■ **Task item**
Leaving out all pictures, reproduce the entries below exactly, from the first line through the line that contains "குறித்த வீட்டை வழங்கி".

Data excerpts:

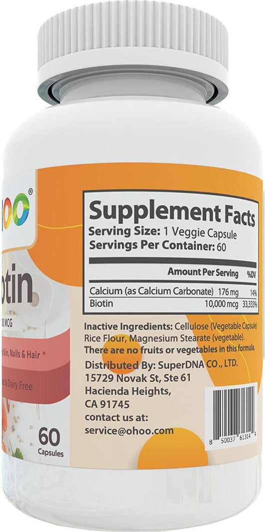 Biotin 10,000mcg | B Vitamin Supplement |Supports Stress Relief, Healthy Hair, Skin, Nail and Nervous System* | Calcium 176mg, Gluten Free 60 Capsules
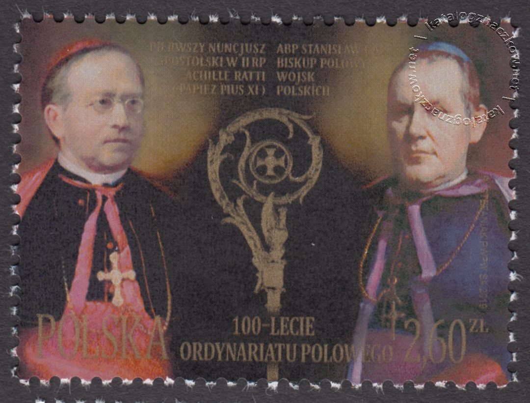 Opis: Fotografie obrazów z podobiznami: arcybiskupa Achille Rattiego i arcybiskupa Stanisława Galla, w centralnej części znaczka umieszczono zdjęcie pastorału biskupa polowego
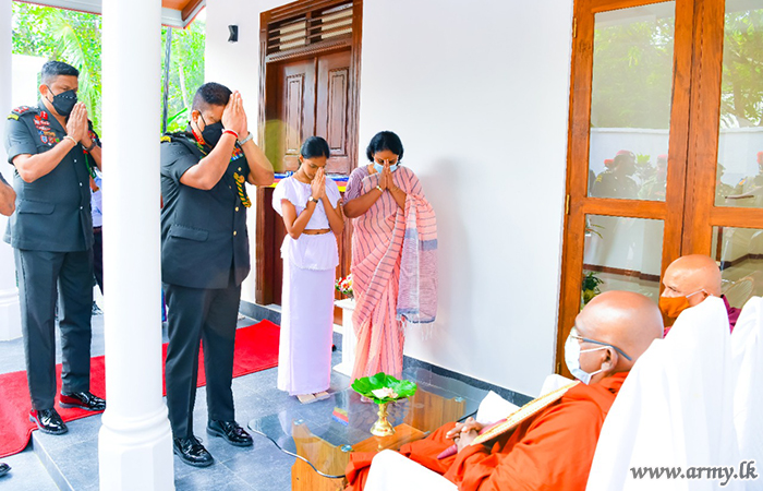 குறித்த வீட்டை வழங்கி வைப்பதற்கான நிகழ்வில் பிரதம விருந்தினராக கலந்துகொண்டிருந்த ஜெனரல் ஷவேந்திர சில்வா அவர்களுக்கு கெமுனு ஹேவா படையணியின் படைத் தளபதியினால் வரவேற்பளிக்கப்பட்டது. அதனையடுத்து மகா சங்கத்தினரின் ‘செத் பிரித்’ பாராயணங்களுக்கு மத்தியில் ஜெனரல் ஷவேந்திர சில்வா அவர்களினால் நாடா வெட்டி திறந்து வைக்கப்பட்ட வீட்டின் சாவி உயிர் நீத்த வீரரின் மகளான செத்மி அயேந்திரா நாணயக்காரவிடம் வழங்கி வைக்கப்பட்டது.
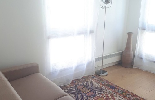 The kitchen is equipped with an oven, a stovetop, and a refrigerator, as well as a coffee maker, an electric kettle, and a microwave. Bathroom amenities include a hair dryer, towels, and toilet paper. And you won't have to pack extra clothes, because you'll also have a washing machine. Other amenities include bed sheets, a desk, an ironing board, and heating.
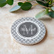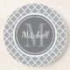 A modern sandstone coaster featuring a classic quatrefoil pattern in charcoal gray and white with a bold circular monogram frame displaying a custom initial and family name in elegant script. The timeless geometric pattern paired with the personalized center creates a sophisticated accent for any home. A great gift for housewarmings, weddings, or anyone who appreciates classic pattern design. All text is fully customizable.
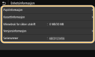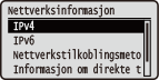 Viser nettverksinnstillingene, for eksempel maskinens IP-adresse, og status, for eksempel tilstanden til trådløs LAN-kommunikasjon.
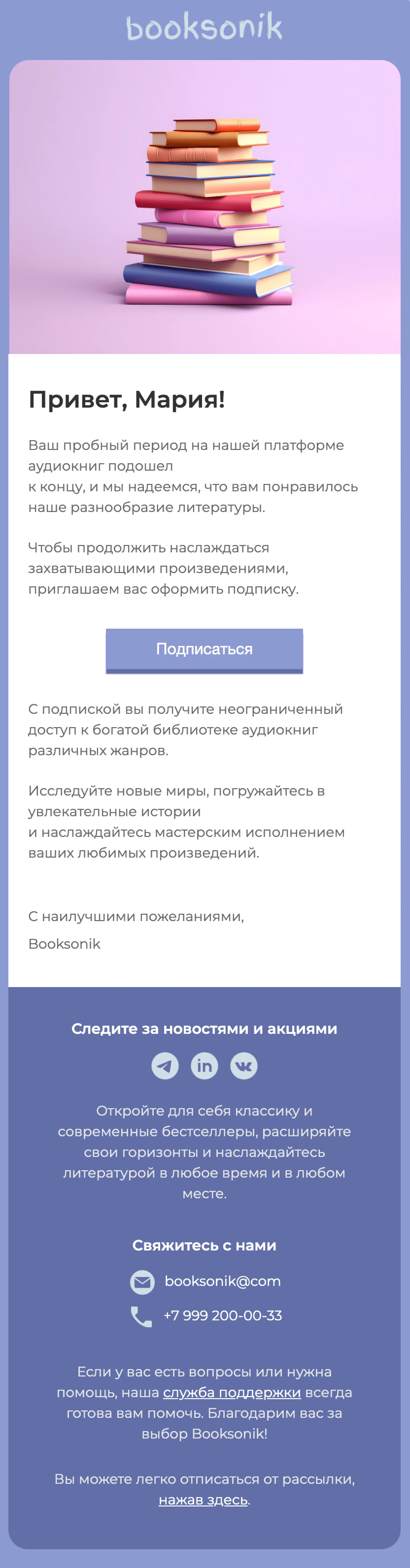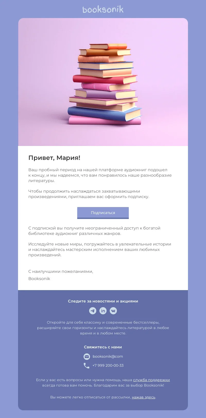 Email-шаблон «Приглашение оформить подписку» пригодится всем, кто ведёт свои рассылки — авторские и от имени бренда. Используйте макет и его структуру, что рассказать о том, какие письма вы пишете, описать пользу регулярной рассылки для читателя и пригласить пользователя стать подписчиком. Как и в любой рассылке, здесь актуальна подробная информация об отправителе, дополнительные контакты и интересный визуал, чтобы привлечь внимание адресата.
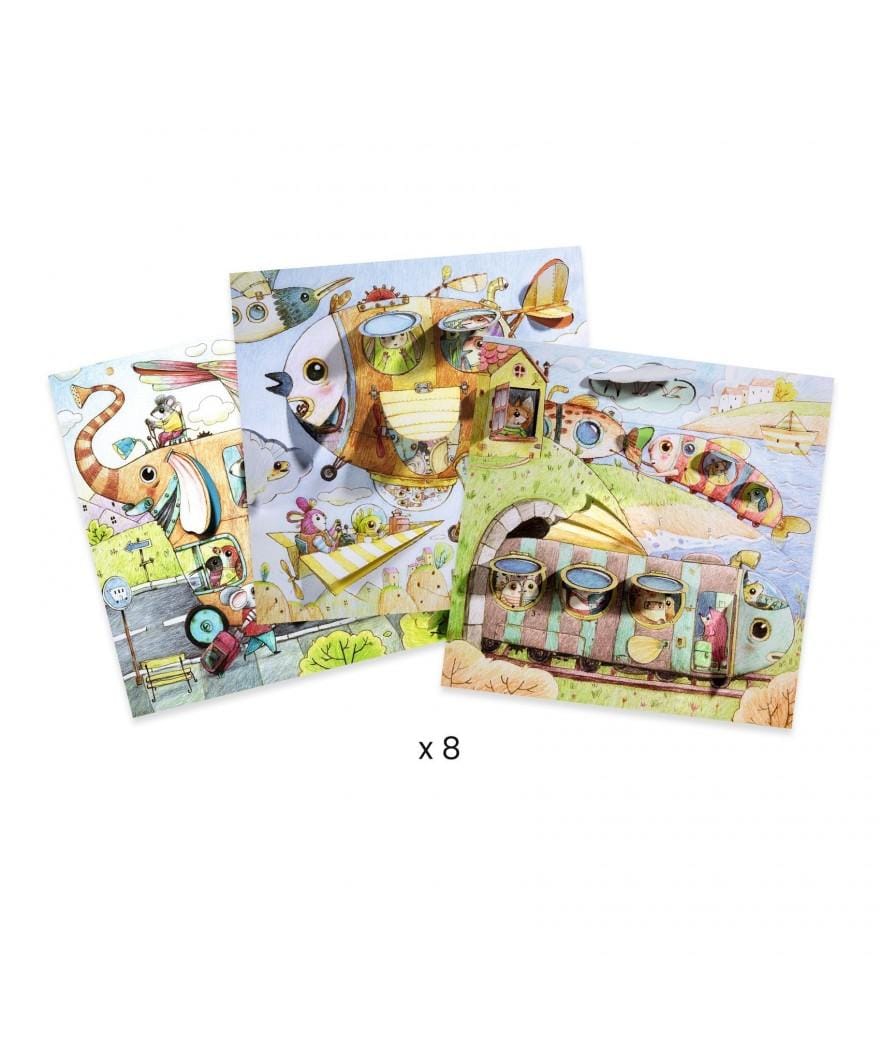 • Inhoud: 8 dubbele kaarten om in te kleuren (4 kaarten X2). Met flapjes en uitsparingen in 3D.
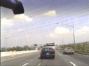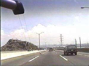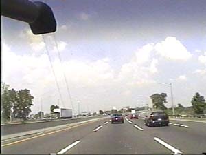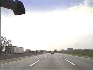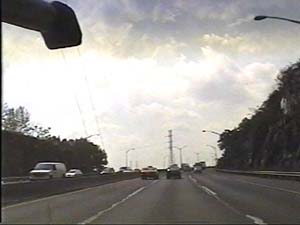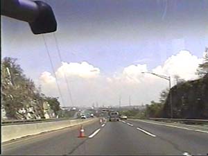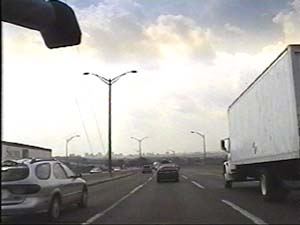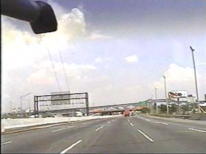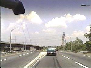 | This is the New Jersey Turnpike Eastern Spur, I-95 (Eastern Route) south, south of the exit 16E toll plaza in Secaucus. The ridge on the right is Laurel Hill. Filmed August 24, 1999. |
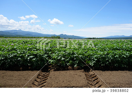 北海道の風景・昆布岳と収穫後のジャガイモ畑
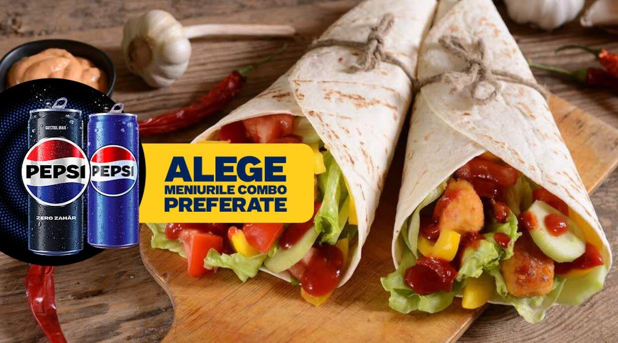 legume, cartofi, carne pui, sosuri , pepsi
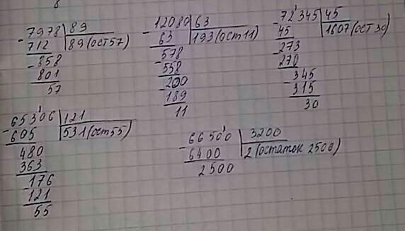 ;3) 72 345 на 45; ; и) 65 306 на 121;

■ **Result of this task**
 Biotin 10,000mcg | B Vitamin Supplement |Supports Stress Relief, Healthy Hair, Skin, Nail and Nervous System* | Calcium 176mg, Gluten Free 60 Capsules
 Opis: Fotografie obrazów z podobiznami: arcybiskupa Achille Rattiego i arcybiskupa Stanisława Galla, w centralnej części znaczka umieszczono zdjęcie pastorału biskupa polowego
 குறித்த வீட்டை வழங்கி வைப்பதற்கான நிகழ்வில் பிரதம விருந்தினராக கலந்துகொண்டிருந்த ஜெனரல் ஷவேந்திர சில்வா அவர்களுக்கு கெமுனு ஹேவா படையணியின் படைத் தளபதியினால் வரவேற்பளிக்கப்பட்டது. அதனையடுத்து மகா சங்கத்தினரின் ‘செத் பிரித்’ பாராயணங்களுக்கு மத்தியில் ஜெனரல் ஷவேந்திர சில்வா அவர்களினால் நாடா வெட்டி திறந்து வைக்கப்பட்ட வீட்டின் சாவி உயிர் நீத்த வீரரின் மகளான செத்மி அயேந்திரா நாணயக்காரவிடம் வழங்கி வைக்கப்பட்டது.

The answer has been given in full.